Treasurer Jim Chalmers appears to be ignoring the inflation elephant in the room as budget looms
A lack of rhetorical urgency around inflation and cost-of-living pressures is emerging in the framing of Jim Chalmers’ budget strategy.
This is remarkable considering that from a political perspective, there is no issue of greater concern to most households.
Instead, the Treasurer appears locked in to a growth story that he and Anthony Albanese pivoted to earlier in the year.
This may have been the right call at the time. Not so much anymore, according to some economists.
Considering the data of the past six weeks, alarm bells are starting to ring over whether the budget is going to continue the relative discipline of the past two years or start to make things worse. A seeming lack of agility, or will, to recalibrate has raised concerns.
Two weeks from budget day, Chalmers mentioned cost of living just once on Tuesday in his major set piece on the economy. He references inflation seven times, but in a tone that is almost taking on a historical context.
“It worries me that there was this pivot in the narrative, that inflation is still the priority but we now need to support growth,” says economist Warren Hogan, who is regarded as one of the leading economic forecasters.
“We are starting to wander off the narrow path. We are doing better than the RBA forecasts, creating more jobs, but the RBA needs to keep the economy soft for an extended period.”
Hogan has forecast a return to rate rises for later this year, but has arrived at this conclusion earlier than most.
The bond markets appear to now be in agreement, factoring in at least one small rate increase in October.
The opposition has rightly jumped on inflation as the key test for Chalmers in the budget.
Chalmers is under pressure to provide some cost-of-living relief. But if the budget doesn’t contain new spending to less than half a per cent of GDP, says Hogan, then the RBA may have to tap the brakes again early next year – just before the next election.
The political consequence of such a scenario needs no illumination. The consensus among economists is that the Albanese government went too early on the growth story when it switched gears earlier this year. At the time it appeared that this may have been the right strategy.
All that has changed, according to several leading economists, Hogan included.
And all the signs over the past month suggest significant danger remains.
Bob Hawke understood that inflation changes politics, and that Labor in the 1980s needed to change with it. It is less clear whether Chalmers is a disciple of this thinking.
Herein lies the problem. The central bank needs the economy to be soft for an extended period to get inflation under control. Chalmers is talking about growth.
In his defence, the type of growth Chalmers is talking about is long-run investment. No one believes that the Future Made in Australia agenda is going to add to the inflation problem in the short term as it is unlikely to pump any real new money into the economy between now and the end of the year.

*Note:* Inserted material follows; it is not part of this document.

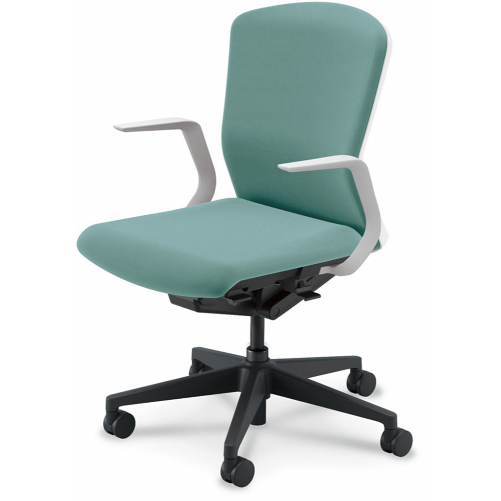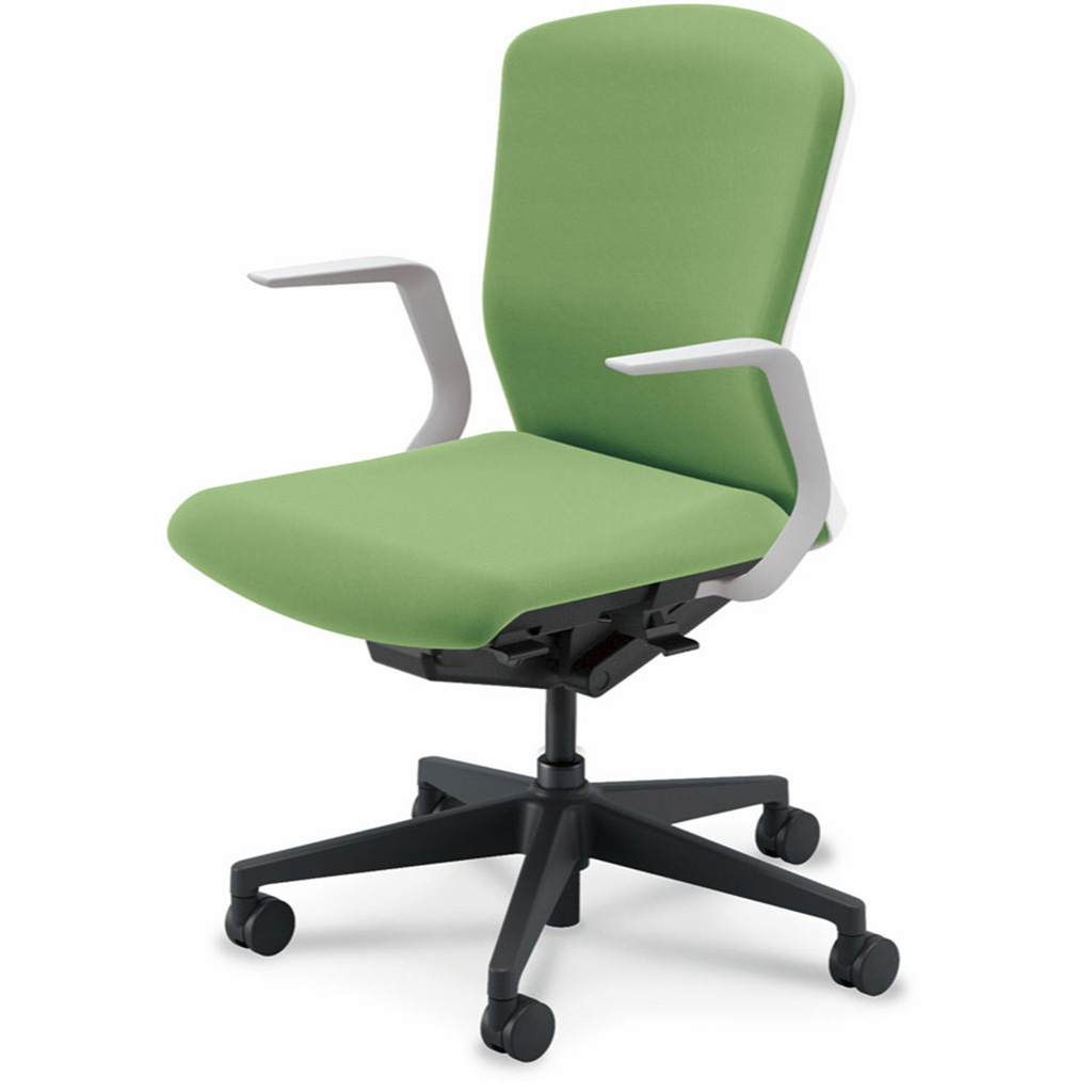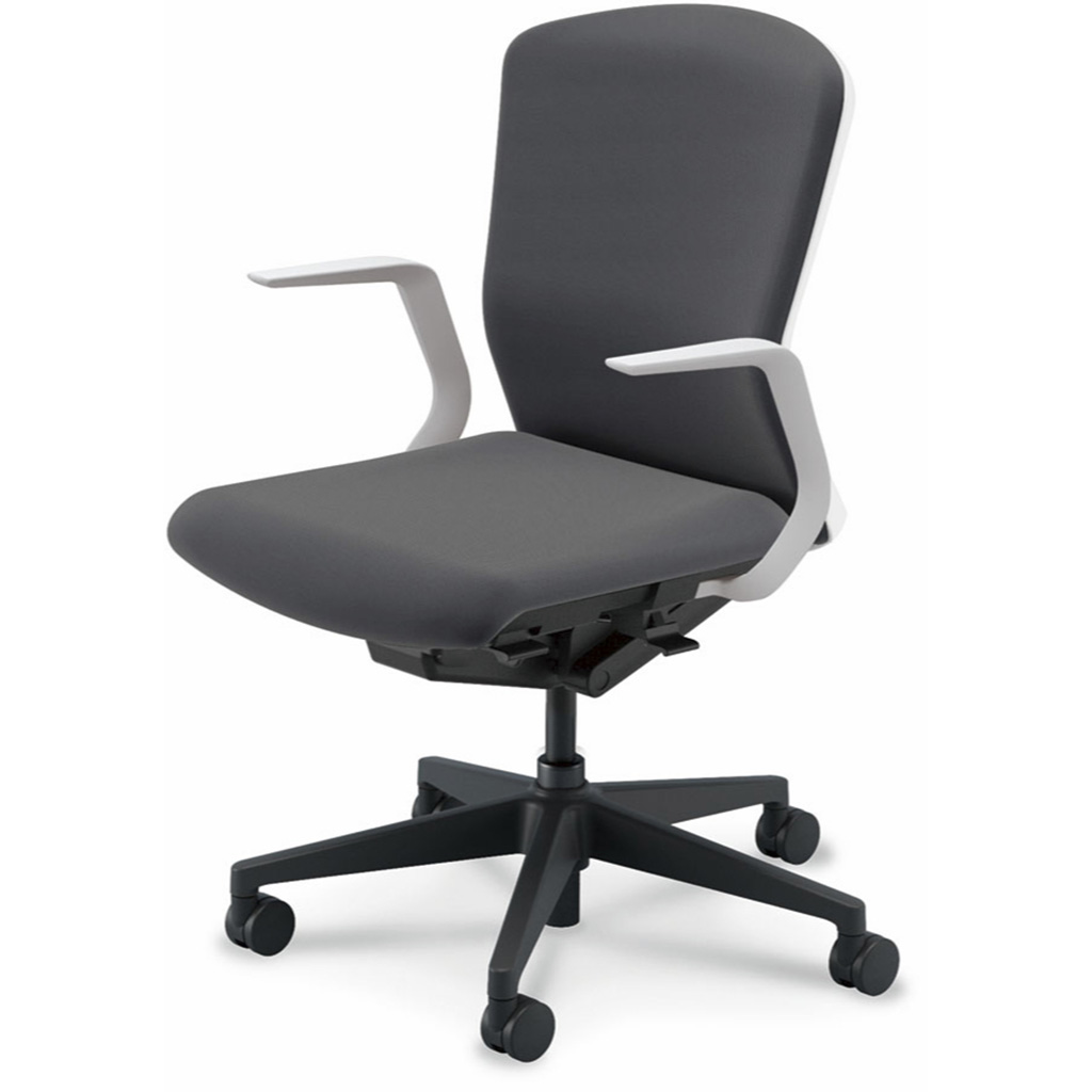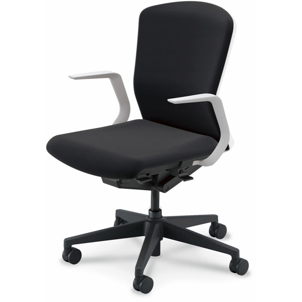 内田洋行/UCHIDA オフィスチェア Elfie(エルフィ) ミドルバック 樹脂カバーバック ホワイトフレームxブラック脚・L型肘・ナイロンキャスター EA-311P-WBLA-PA

But as KPMG claimed this week, there was now a serious misalignment between the central bank and fiscal policy. Economist Chris Richardson points to the $12bn in extra net spending this financial year alone. Hogan points to the $22bn in tax cuts that will start hitting the economy in July. At the same time, there is a stunning absence from the government in the framing of this budget as a response to the cost-of-living crisis beyond these tax cuts.
It’s as if Chalmers and Albanese think they can ride out the problem until the election and then deal with it later.
Hogan says what was troubling about the most recent inflation numbers was that domestic inflation was a very real problem and was now running at 4 per cent.
While he believes the government had been disciplined so far, any new money into the economy is going to make the RBA’s job harder.
The risk for Chalmers is that the economic security story he is weaving for the budget is overtaken by an assessment of the budget as being part of the inflation problem.